4 Steps to Financially Savvy Kids
In this day and age, we have lost the art of being financially responsible for the way we manage our money. With the ability to get what we want, when we want, and pay for it later, we have dug a proverbial hole of disaster. It’s still not too late to come out of that hole and win over your finances. And you can prepare your kids so that they, too, can learn to never get to that same place. Here are 4 things to think about when building financially savvy kids.
Step One: Teach Your Child The Value of work
Every child needs to do things around the house just because they are a part of the family. Having your child do chores is essential to learning to be responsible and contribute to the being part of the family. There has always been debate about whether children should be paid for chores within the home, but actually an allowance can teach your children important lessons about finances and handling money to set them up to be successful later in life. Create a chore chart for your child with a check off list for each day that they have completed that chore and let them know in advance how much they could potentially earn if they are FAITHFUL to complete that chore everyday. Once they have earned that money at the end of the week, make sure they put that money in an envelope where the real lesson of managing their money begins!
“In all the work you are doing, work the best you can. Work as if you were doing it for the Lord, not for people.” Colossians 3:23
Step Two: Teach Your Child To Give
Now that they have worked hard and earned their money, it is time to teach them to give. By teaching your child to give, you are teaching them the valuable lesson to not only think of themselves and what they will do with their money, but to also think of others. The concept of giving is a hard lesson to understand, but when your child begins to give, they will reap the benefits of feeling good about themselves and hopefully become less selfish in the process. Be an example to your child by cheerfully giving of your own money also. Children follow our example and God’s work says over and over that He honors a giving heart and blesses us for doing so. Start with giving 10% to your place of worship or ministry that blesses you. You will see God is faithful to bless you for being a faithful and cheerful giver.

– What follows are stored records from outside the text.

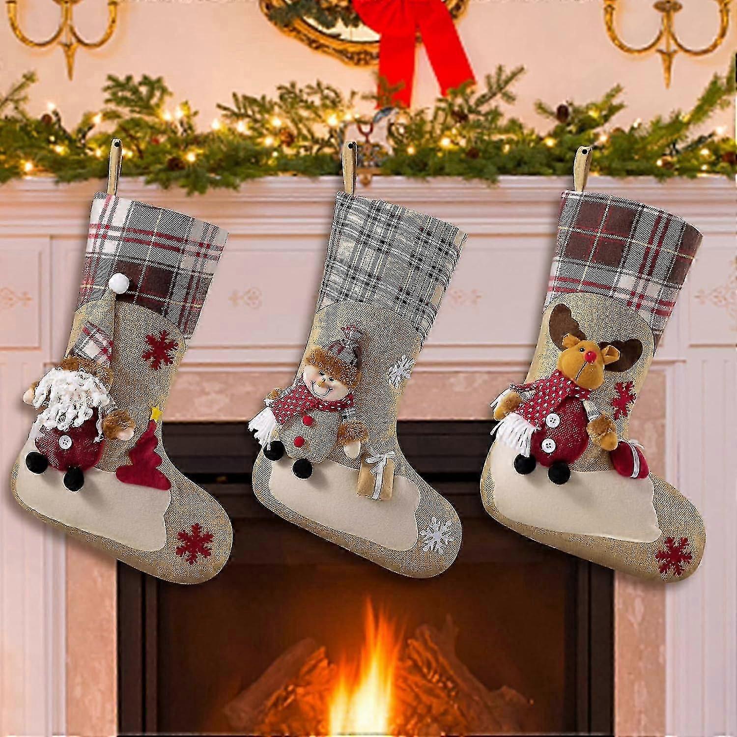 3pcs Christmas Stockings 18 Inches Large Size Burlap Christmas Stocking With 3d Santa, Snowman, Reindeer Pattern Gifts For Family Christmas Decoration
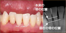 歯槽骨は顎の骨の中にあり、歯の根が埋まっている部分です。歯槽骨の槽とは、歯を入れておくオケの事を意味しています。歯周病の特徴が歯槽骨の吸収です。歯槽骨は歯ぐきに覆われていて、見た目では吸収しているかどうか分かりません。歯槽骨の吸収が大きくなると、歯ぐきが腫れたり、膿が出たりします。最終的には歯が揺れて抜けてしまいます。 歯周病で歯槽骨が減っていく原因は歯周病菌の出す毒素が歯槽骨を破壊するためと言われています。
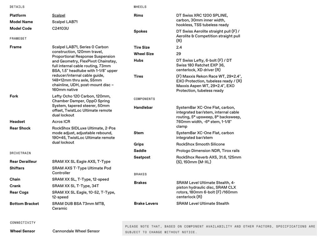 CANNONDALE 2024 29U SCALPEL LAB71 MOUNTAIN BIKE
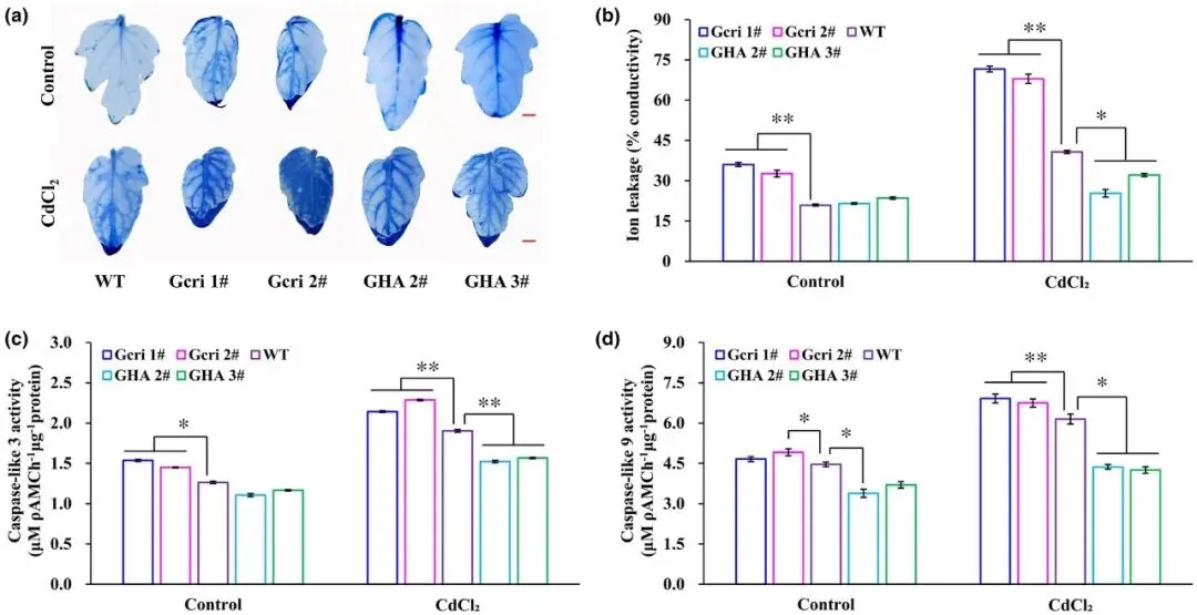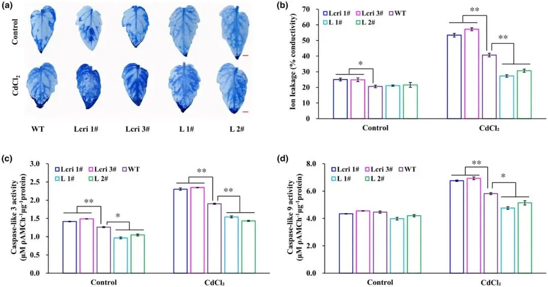 参与 NO 和 H₂S 代谢的关键酶 GSNOR 和 LCD 也被证实是植物响应镉(Cd)胁迫的重要调控因子。通过 CRISPR-Cas9 技术构建的基因敲除材料发现,GSNOR(负调控 NO 水平)和 LCD(催化 H₂S 生成)的缺失均显著降低了番茄对 Cd 胁迫的耐受性。与野生型相比,敲除植株在 Cd 处理下表现出更严重的细胞死亡表型,并伴随着多种程序性细胞死亡(PCD)相关基因的显著上调(图 2,图3),表明 GSNOR 和 LCD 通过维持 NO/H₂S 信号稳态在 Cd 胁迫耐受性中发挥关键作用。
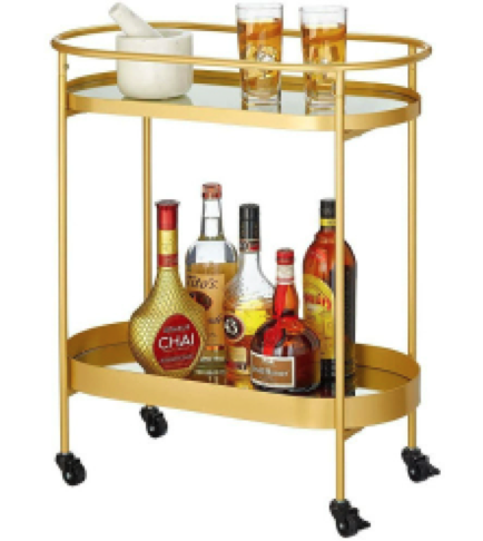 가정용 서빙카트 브랜드 주방 핸드카 이동식 트롤리 제품 추천 여덟 번째, 디자인엠 mDesign Stylish Modern 제품은 거울 트레이 탑 롤링 서빙 바 카트 2단 타원형 가정용 음료 랙 트롤리 주방 가구 바퀴포함 와인 컵받침 유리 맥주 및 음료용으로 활용할 수 있는 것이 특징이다.
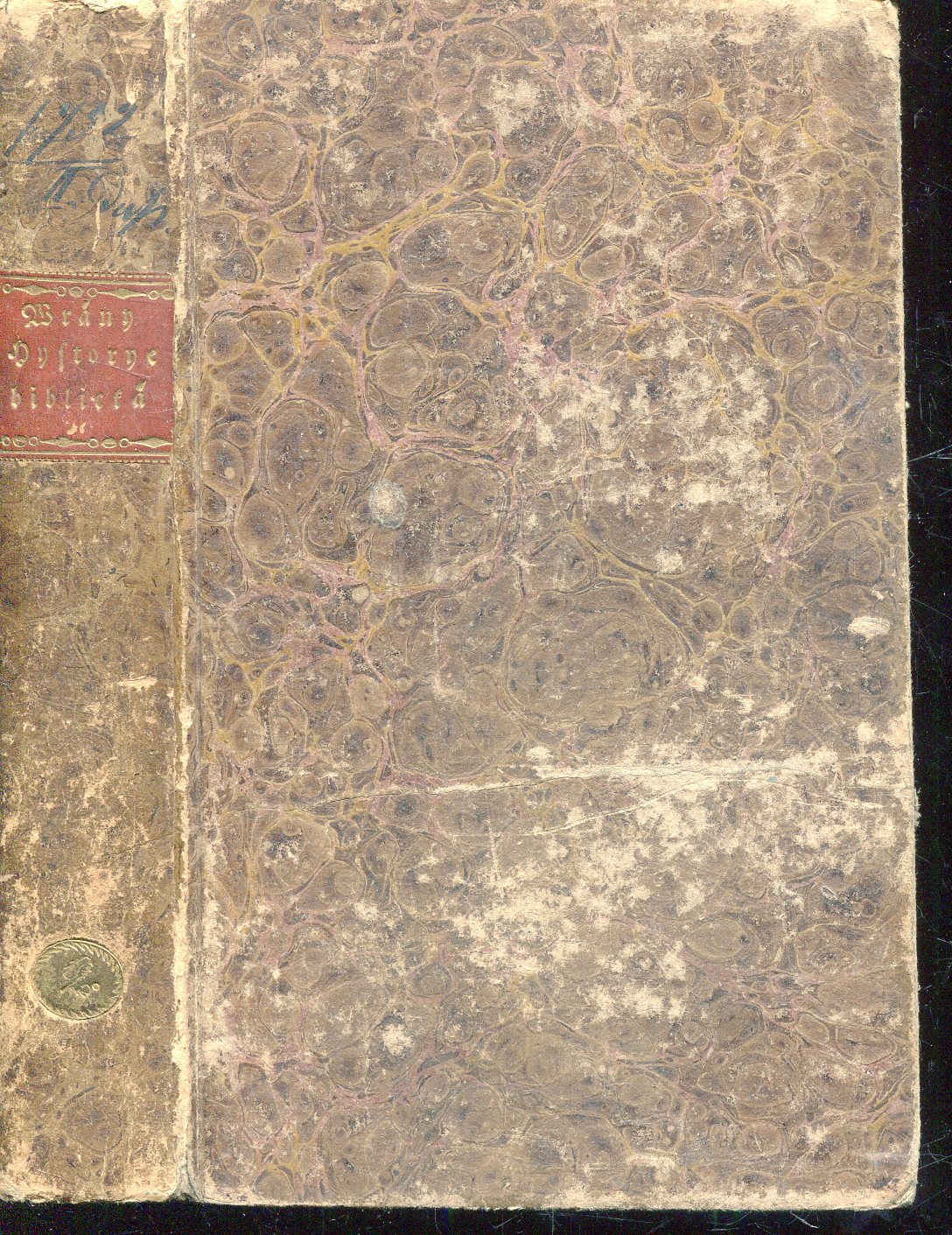 Stav dobrý, desky a hřbet jsou výrazněji odřené, desky ušpiněné, hřbet v dolní části natržený. Kniha byla zřejmě politá - na většině stránek je skvrnka - vše suché a čitelné.
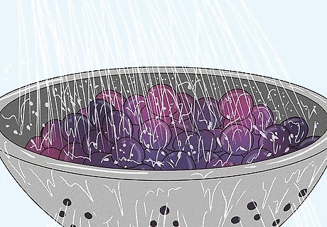 Clean the fruit. Take off the stems and leaves, and make sure the fruit doesn't have particles of dirt or grit. Rinse the fruit thoroughly and place it in your crock. You can peel the fruit before crushing, but much of the flavor of the wine will come from its skin. Peeling it will result in a much milder wine. Some winemakers choose not to wash the fruit before crushing. Since fruit has natural yeasts on its skin, it's possible to make wine using only the yeast from the fruit's skin and the air. However, washing the fruit and controlling the yeast you add allows you to ensure that the flavor of the wine will be to your liking; allowing wild yeast to grow can produce foul flavors. If you're up for an experiment, you could make two batches of wine, one with controlled yeast and one with wild, to find out which you like best.
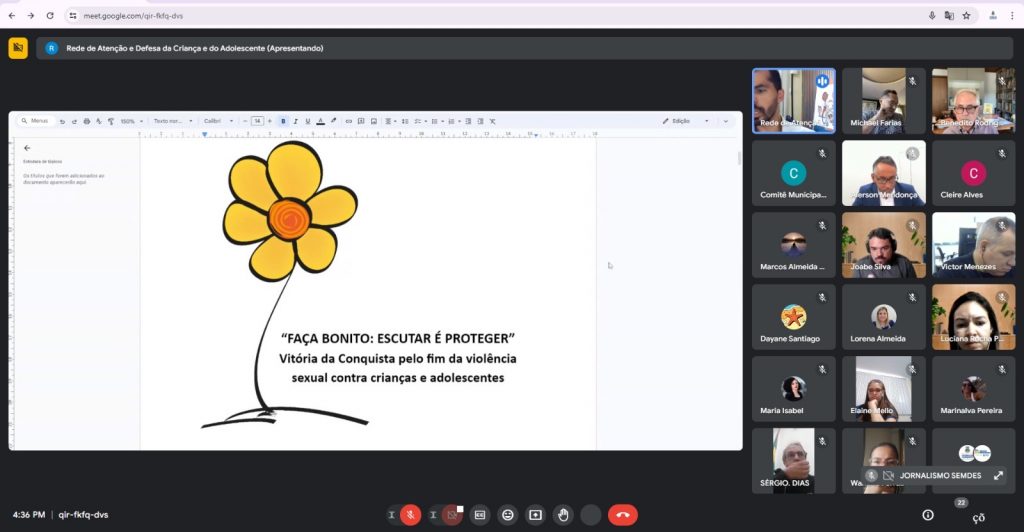 O encontro aconteceu por videoconferência e contou com a participação do consultor da Childhood Brasil, Prof. Benedito dos Santos, e representantes do Poder Executivo Municipal, do Sistema de Segurança Pública, do Sistema de Justiça, da Ordem dos Advogados do Brasil (OAB), do Conselho Municipal dos Direitos da Criança e do Adolescente (Comdica), das entidades não governamentais, do Núcleo de Defesa da Criança e do Adolescente (NDCA/Uesb) e dos Conselhos Tutelares de Vitória da Conquista.
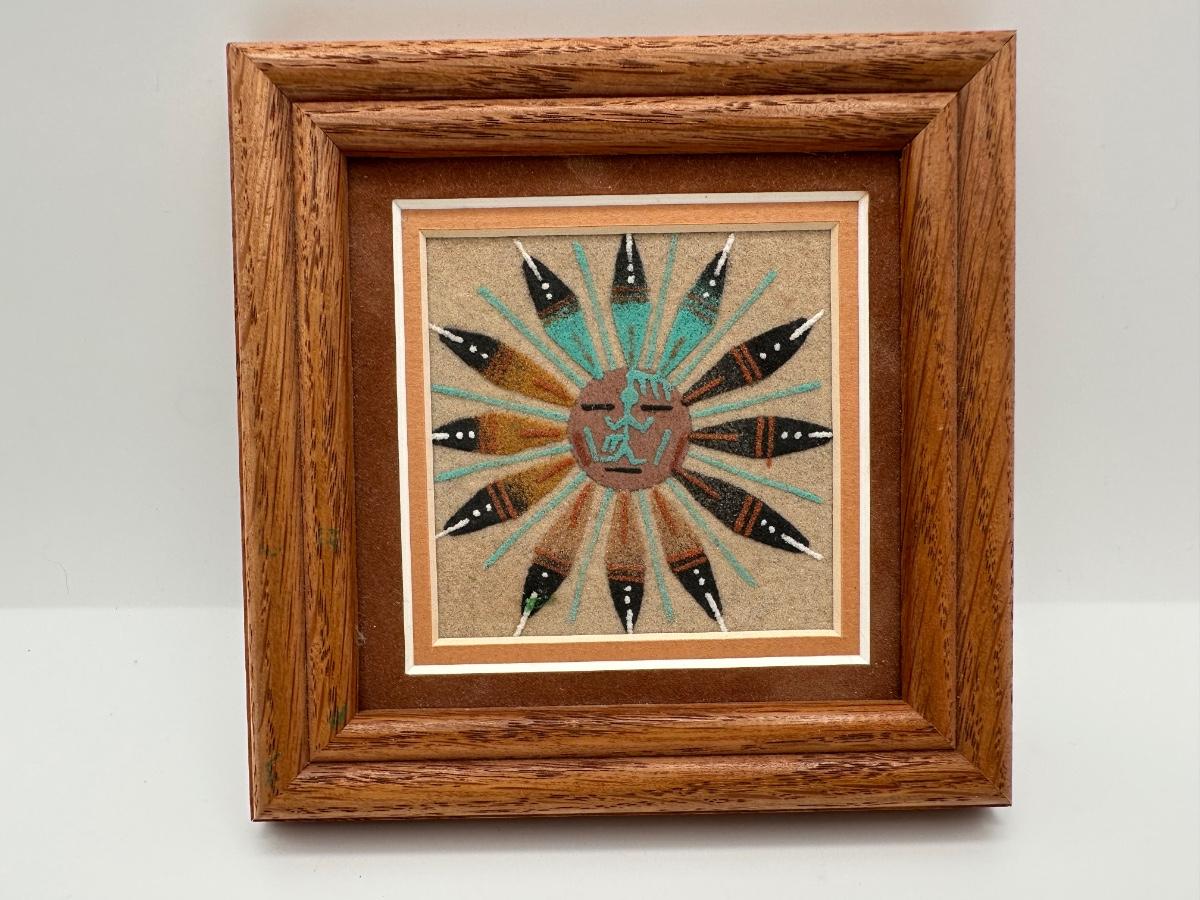Framed Navajo Native American Art, Rainbow Sand Art, Sand Painting, Wall Art

“God loves a cheerful giver.” 2 Corinthians 9:7
Step Three: Teach Your Child about Saving
Once you’ve given to others, it’s time to look at what needs to be saved. This is one of the most important steps in the financial learning process and usually where people go astray in becoming financially free. Learning to save and buy things outright instead of getting then paying is a lesson in delayed gratification. It’s most definitely a hard lesson to learn. But if you will help your children to understand at an early age, not only will they appreciate their things more because THEY paid for it themselves, but they will be set free from the pattern later in life that leads to financial stress that will affect their relationships, bad decisions, and where they end up for the rest of their lives! Work with your child to figure out how much they need to save according to what they have left after giving and how much the item costs that they want to save for. If an item is $12 and they have $4 left after giving, then 12/4=3. It will take them 3 weeks of saving their money to earn that item. Make a goal poster and place it somewhere within your child’s sight and mark off when they have accomplished a week closer to their goal. Save the money for your child, so it doesn’t surprisingly get spent on something that wasn’t on the list of goals, but let them be in charge of where their money goes. It is good for them to experience what happens to their money when they spend it on a whim also. It teaches cause and effect, consequences, and starting over is not the end of the world.
“On the first day of every week, each one of you should put aside money as you have been blessed. Save it up so you will not have to collect money after I come.” I Corinthians 16:2
Step 4: Teach Your Child about Spending
Now for the fun part of becoming financially savvy: Spending! Although this is the fun part, it also takes a lot of work to be wise with the money that your child has. If your child has saved for a special item, don’t just run out and buy that item. Help your child research that item and find the most efficient source of that item. Perhaps that item is on sale at one store. Perhaps there are sometimes coupons in the local paper for that item. Perhaps you could find that item for cheaper by ordering it online or on a trade shop site. Learning to be smart with your money is an important component to handling money. Teaching your child to “look into first” will not only save them money, but also teaches them self control. God wants us to be good stewards of the money we have and this is important to learn to be financially successful.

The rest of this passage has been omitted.